Pictures must not appear in the copy. Restate exactly the lines below from the one with "Trong giao diện" through the one with "15.00 CTW AMETHYST AND DIAMOND PENDANT .925 STERLING SI **|**|**", inclusive.

_MATERIAL FOR THIS TASK_.
##############################
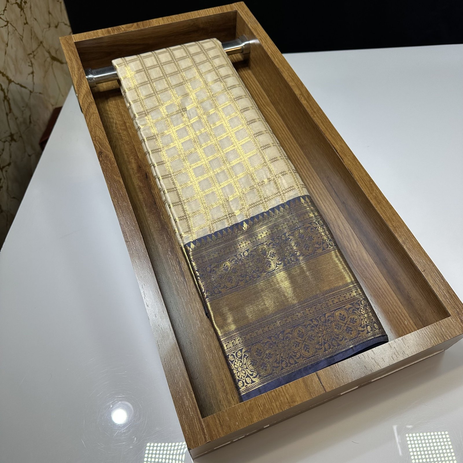Enhancing its beauty is the striking contrast weaving border, inspired by traditional Banji patterns, adding depth and a bold visual appeal to the overall look. The softness of the fabric ensures a smooth, body-hugging fall, making it lightweight, breathable, and effortlessly graceful to carry for long hours.
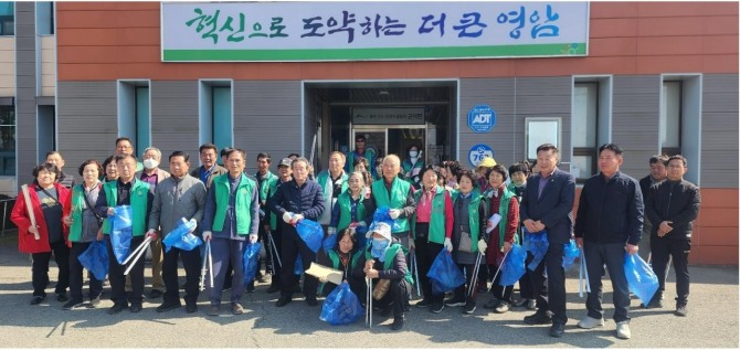 이미지 확대보기전남 영암군 군서면 남·녀새마을지도자회가 15일 면 소재지 일대에서 걷고 뛰면서 방치된 쓰레기를 치우는 환경정화 활동 줍깅을 실시했다.
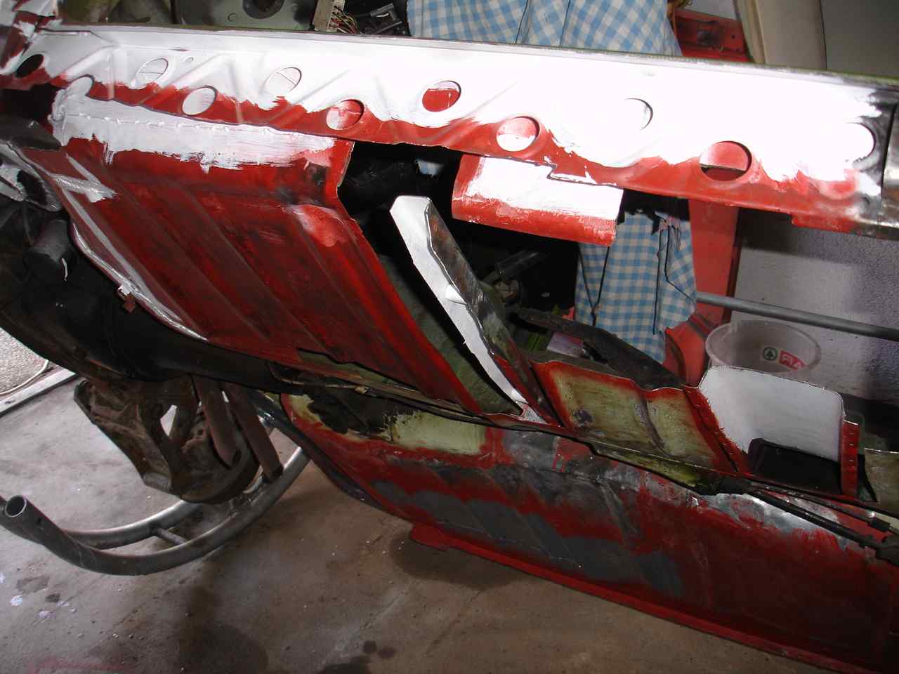 Jetzt mache ich den Boden (innen und aussen) sowie den Motorraum und die Radeinbaubereiche fertig, inkl. lacken, dann die Vorderachse wieder rein und dann gehts zu Lacker. Sollte Ende n?chster Woche soweit sein?
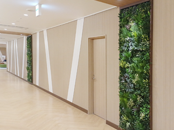 ビスタフォリア®による厚みを抑えた壁面緑化で、動線にそって心地よく風が通り抜ける空間になっています。
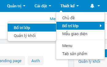 Trong giao diện quản trị Cs cart vào Thiết kế – Bố trí lớp
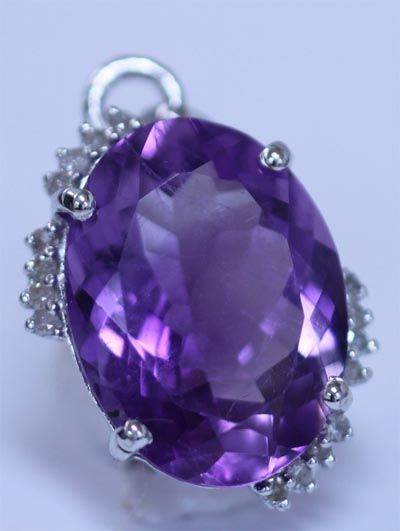 15.00 CTW AMETHYST AND DIAMOND PENDANT .925 STERLING SI **|**|** 15.00 CTW AMETHYST AND DIAMOND PENDANT .925 STERLING SILVER; CENTERSTONE 6.00 CTW; DIAMOND 0.12 CTW ; MSRP: $550
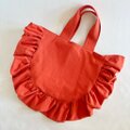 マチにはたっぷりと生地を使ったギャザーが特徴的で、荷物もたっぷりと入れられる大きさも魅力の一つです。
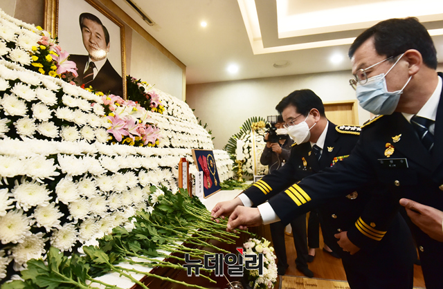 김창룡 경찰청장과 김병수 경찰청 경비국장이 28일 오후 서울 종로구 서울대병원 장례식장에 마련된 故 노태우 전 대통령 빈소에서 조문을 마친 뒤 노재헌 변호사에게 위로의 말을 전하고 있다. (사진=공동취재단)
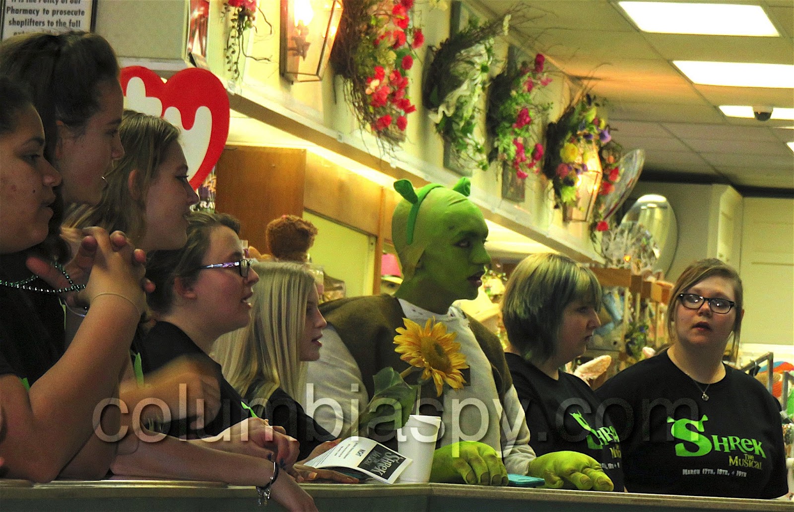 The Columbia High School Theater Department performed a sneak preview of Shrek, The Musical at Hinkle’s Pharmacy and Restaurant Thursday night. Hinkle’s donated 20% of patrons’ restaurant bills to the Columbia Drama Booster Club. Go HERE for a video.
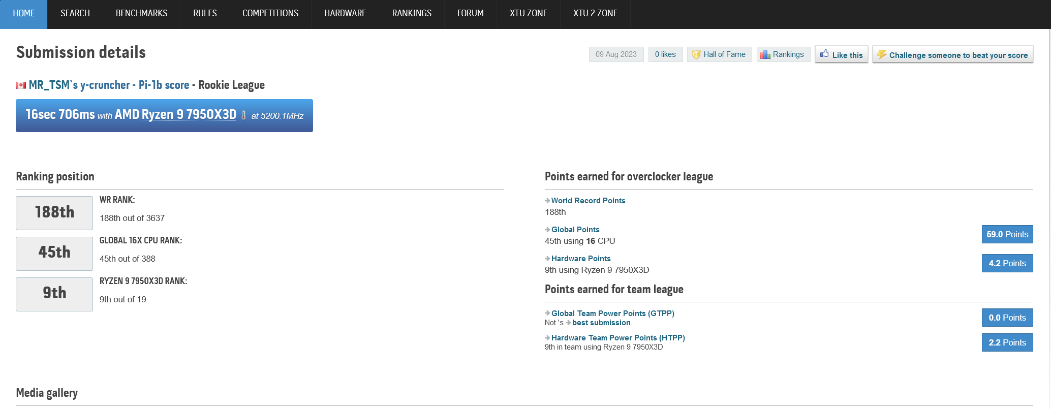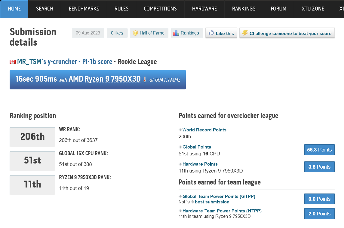 I only joined HwBot, and haven’t posted any subzero benches, so I’m in rookie league till my points go up. But those scores are vs the world. Pretty happy with my first AMD OC. Been an Intel guy for 20+ years since my last AMD build.
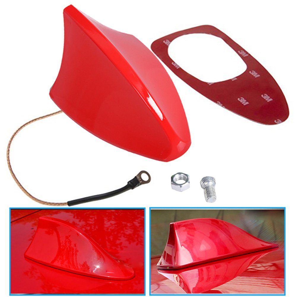 A56C Universal Auto Shark Hai Antenne – selbstklebende Dachantenne in Haifischform für AM/FM Radio – rot, geeignet für viele Fahrzeugtypen
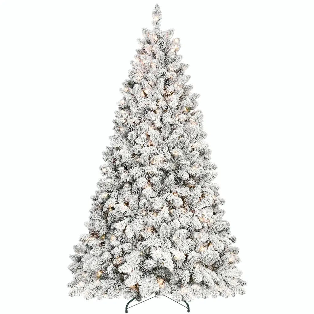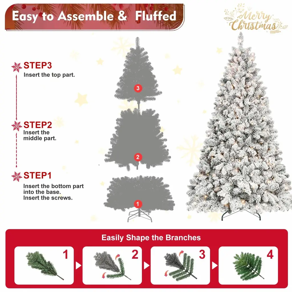 Product FeaturesSnow-Flocked Christmas Tree with Pine Cone Design: This snow-flocked Christmas tree with a delightful pine cone design is an excellent way to spread holiday cheer this season. With its sturdy branches, it can hold garlands and all your favorite ornaments, offering you the flexibility to create a customized look that suits your taste. It's the perfect addition to your holiday decor, making the season feel complete.Hinged Design for Easy Setup: The Christmas tree boasts a hinged design that simplifies fluffing and assembly, saving you a significant amount of time and effort. The hinged construction makes it easy to set up and achieve a full, beautiful look in no time. Additionally, the tree can be easily separated into 3 sections and stored in a convenient storage bag, providing hassle-free storage for future use.Durable and Sturdy X-Stand: Our snow-flocked Christmas tree features a robust, foldable X-stand, superior to plastic alternatives in stability and longevity. It ensures the tree stands straight for years, while its compact design offers convenient storage for the next holiday season. Enjoy enduring beauty and hassle-free setup with our durable metal stand.9ft Snow-Flocked Christmas Tree for a Wintry Feel: The 9ft snow-flocked Christmas tree creates a unique and wintry atmosphere, making it an eye-catching addition to any space. It's perfect for enhancing the Christmas ambiance at home and celebrating the holiday season with family members. Alternatively, it can be placed in shops to attract customers and create a festive setting.Professional and Rich Style: With many years of experience in designing and producing Christmas trees, we offer a variety of high-quality styles to suit various preferences. Our artificial trees come in different heights and tip counts: Light counts (for different heights): Fluffing times (for different heights): Choose the style you love and use it to decorate a warm and wonderful holiday season!
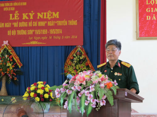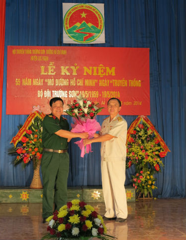 Trong không khí cả nước tưng bừng chào mừng các chiến thắng vĩ đại của dân tộc và kỷ niệm 124 năm ngày sinh Chủ tịch Hồ Chí Minh, cũng là ngày kỷ niệm 55 năm “Mở đường Hồ Chí Minh” – Ngày “Truyền thống bộ đội Trường Sơn”; Hội Truyền thống bộ đội Trường Sơn – Đường Hồ Chí Minh huyện Lục Ngạn tổ chức Lễ kỷ niệm trọng thể Ngày Truyền thống tại nhà Văn hoá huyện Lục Ngạn. Về dự có các đại biểu của Hội Truyền thống đường Hồ Chí Minh tỉnh Bắc Giang, lãnh đạo huyện uỷ, UBND và các cơ quan, ban ngành, đoàn thể của huyện cùng hơn 200 hội viên hội Truyền thống bộ đội Trường Sơn trong huyện.
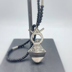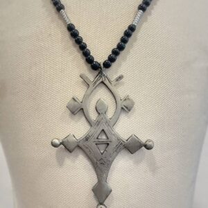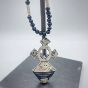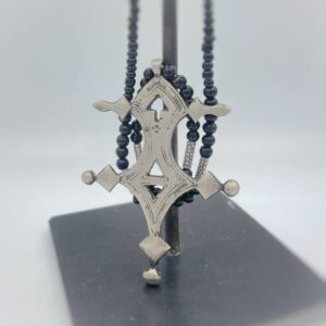 Collana Tradizionale Tuareg con Croce Egourou in Argento e Perline di Onice
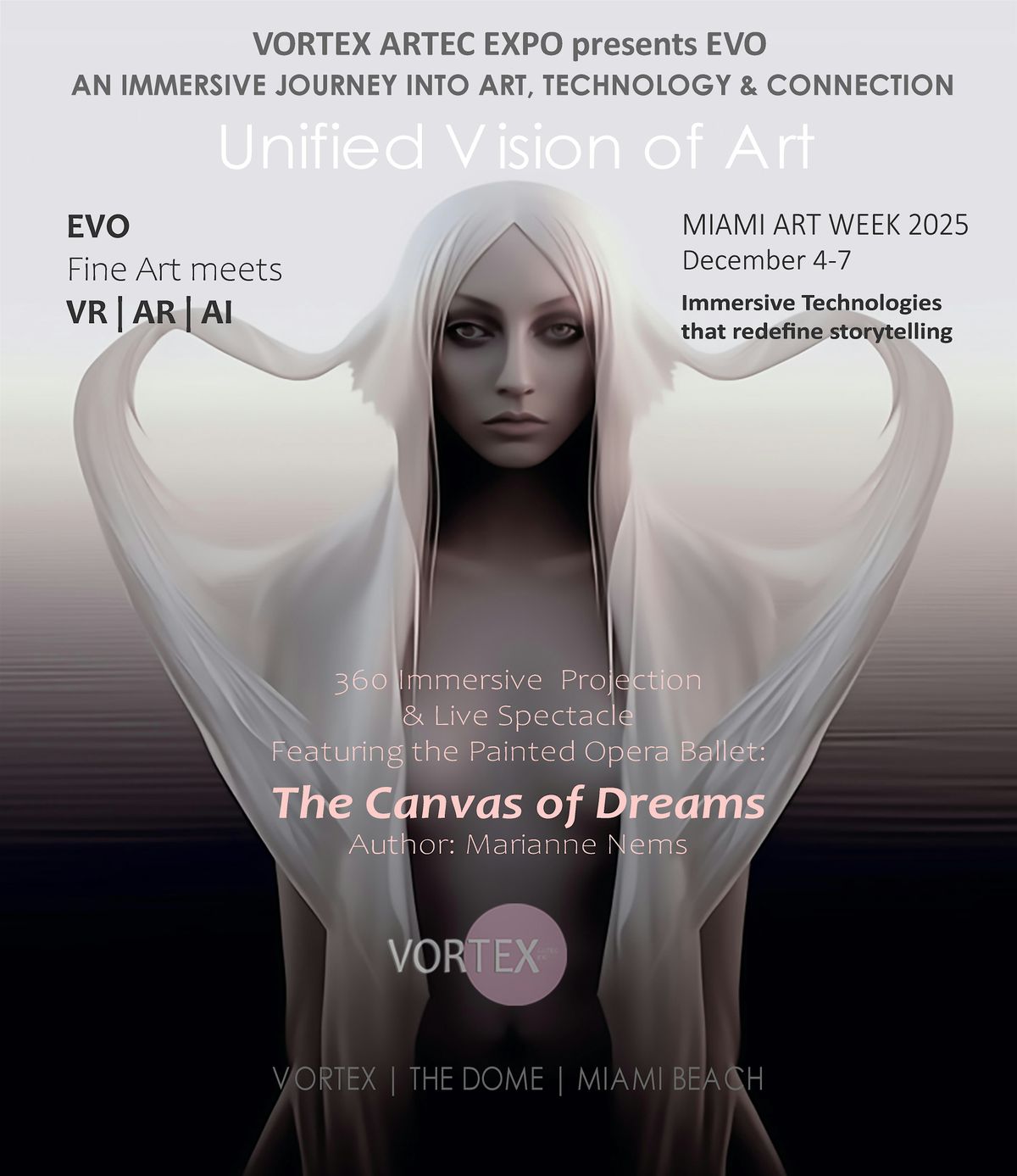 Join founder Marianne Nems for a spectacular evening of art and technology at the VORTEX ARTEC EXPO on Miami Beach.
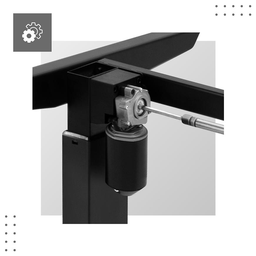 Ulepszony silnik o zwiększonym udźwigu gwarantuje płynne i ciche działanie stelaża. Bez względu na to, czy podnosisz czy opuszczasz blat, masz pewność, że operacja będzie wykonywana płynnie i bez hałasu, zapewniając komfortowe użytkowanie.
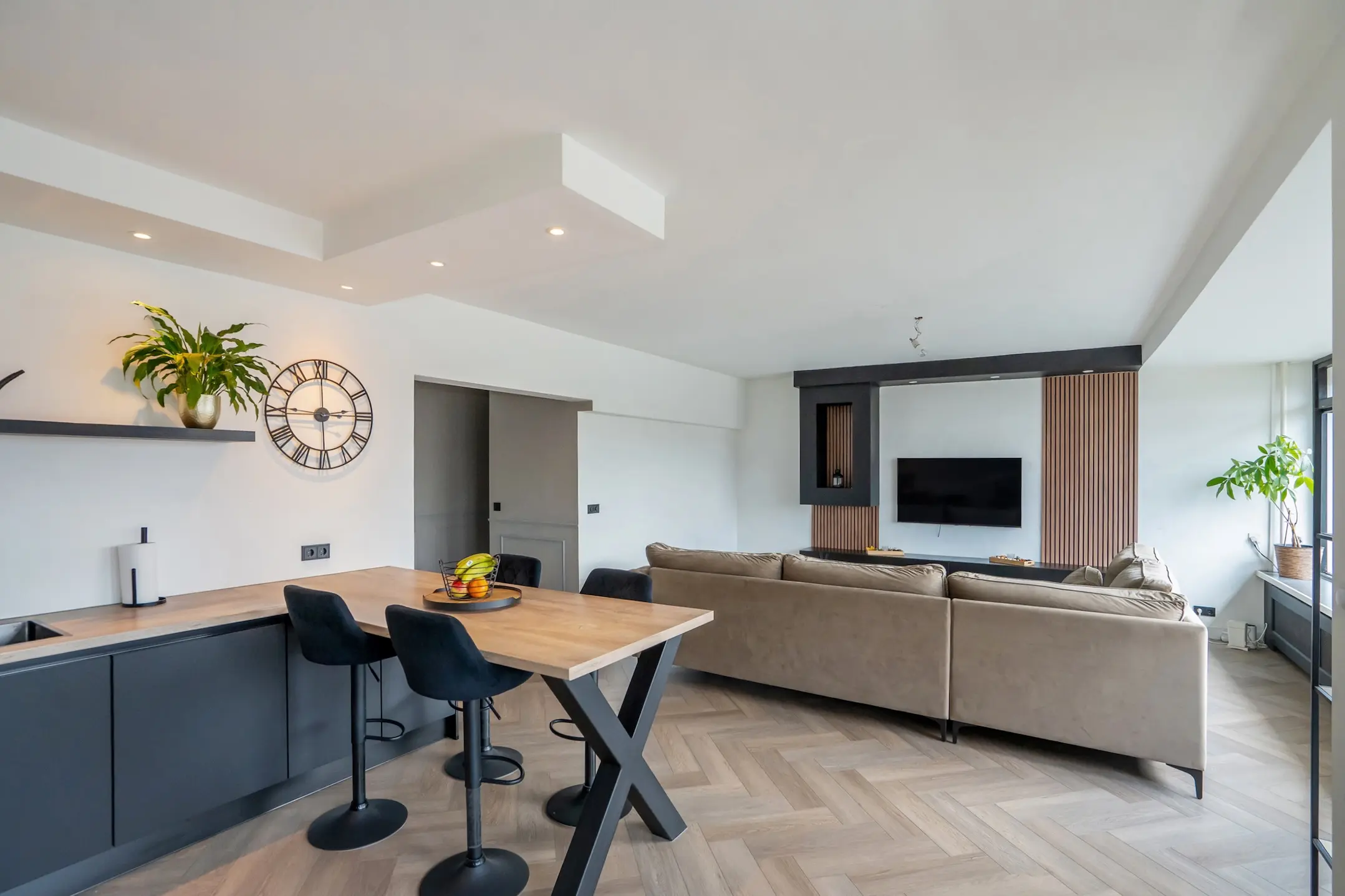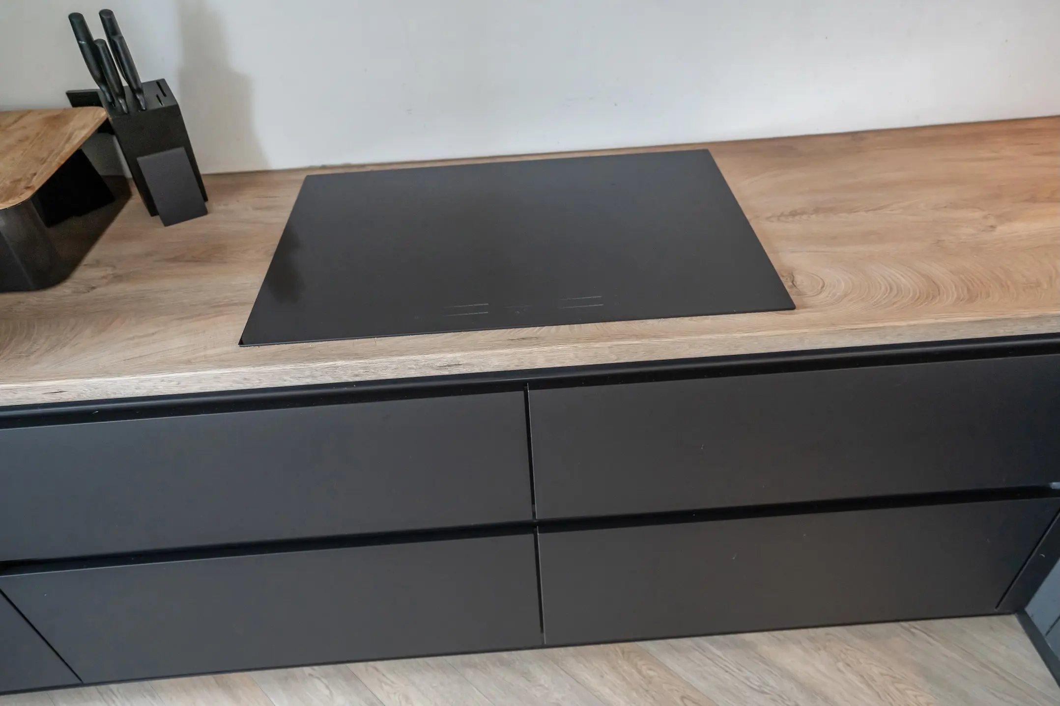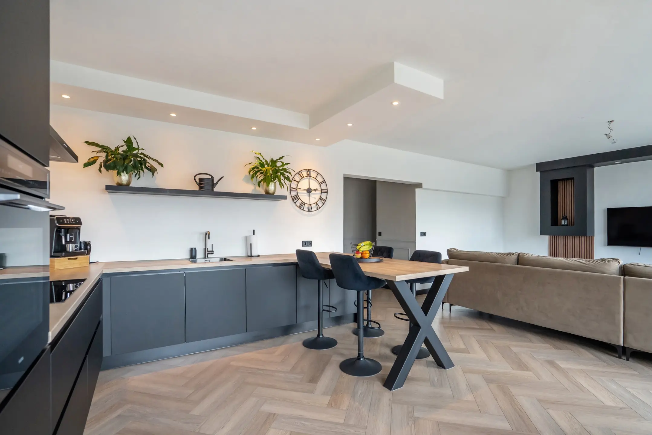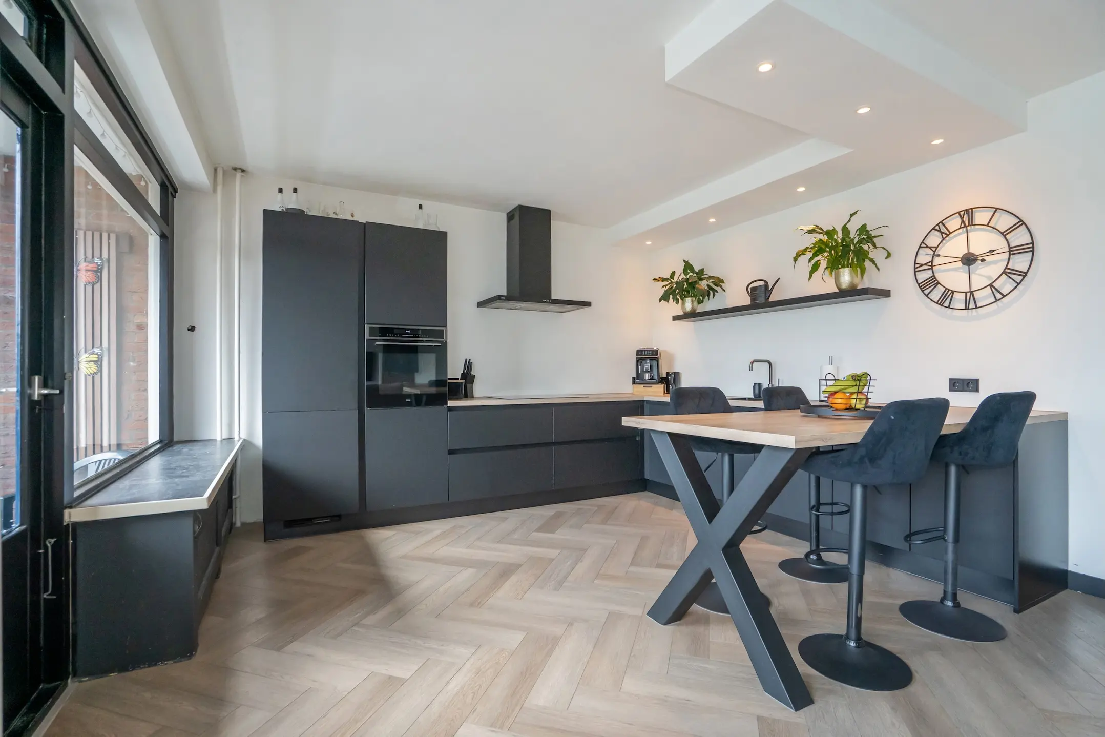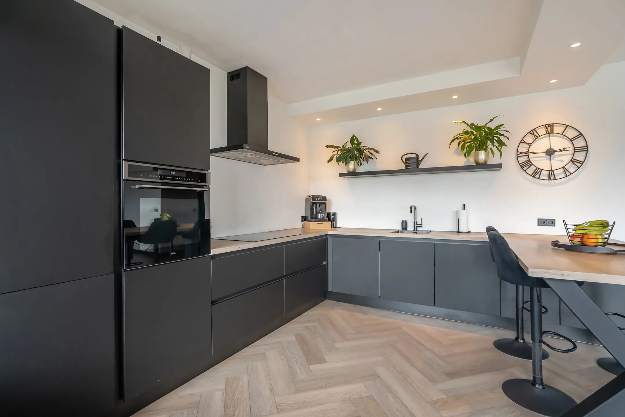 De keuken in in 2022 vernieuwd (in zwart uitgevoerd met houtkleurig werkblad) en is in een U-vorm opgesteld met een aangrenzende eettafel/breakfast bar. Veel kast- en werkruimte, geïntegreerde koelkast/vriezer, inductie kookplaat, afzuigkap, combi magnetron en vaatwasser. Door de zwarte accessoires is deze keuken helemaal af!
##############################
_EXERCISE ANSWER_.
 Trong giao diện quản trị Cs cart vào Thiết kế – Bố trí lớp
 15.00 CTW AMETHYST AND DIAMOND PENDANT .925 STERLING SI **|**|** 15.00 CTW AMETHYST AND DIAMOND PENDANT .925 STERLING SILVER; CENTERSTONE 6.00 CTW; DIAMOND 0.12 CTW ; MSRP: $550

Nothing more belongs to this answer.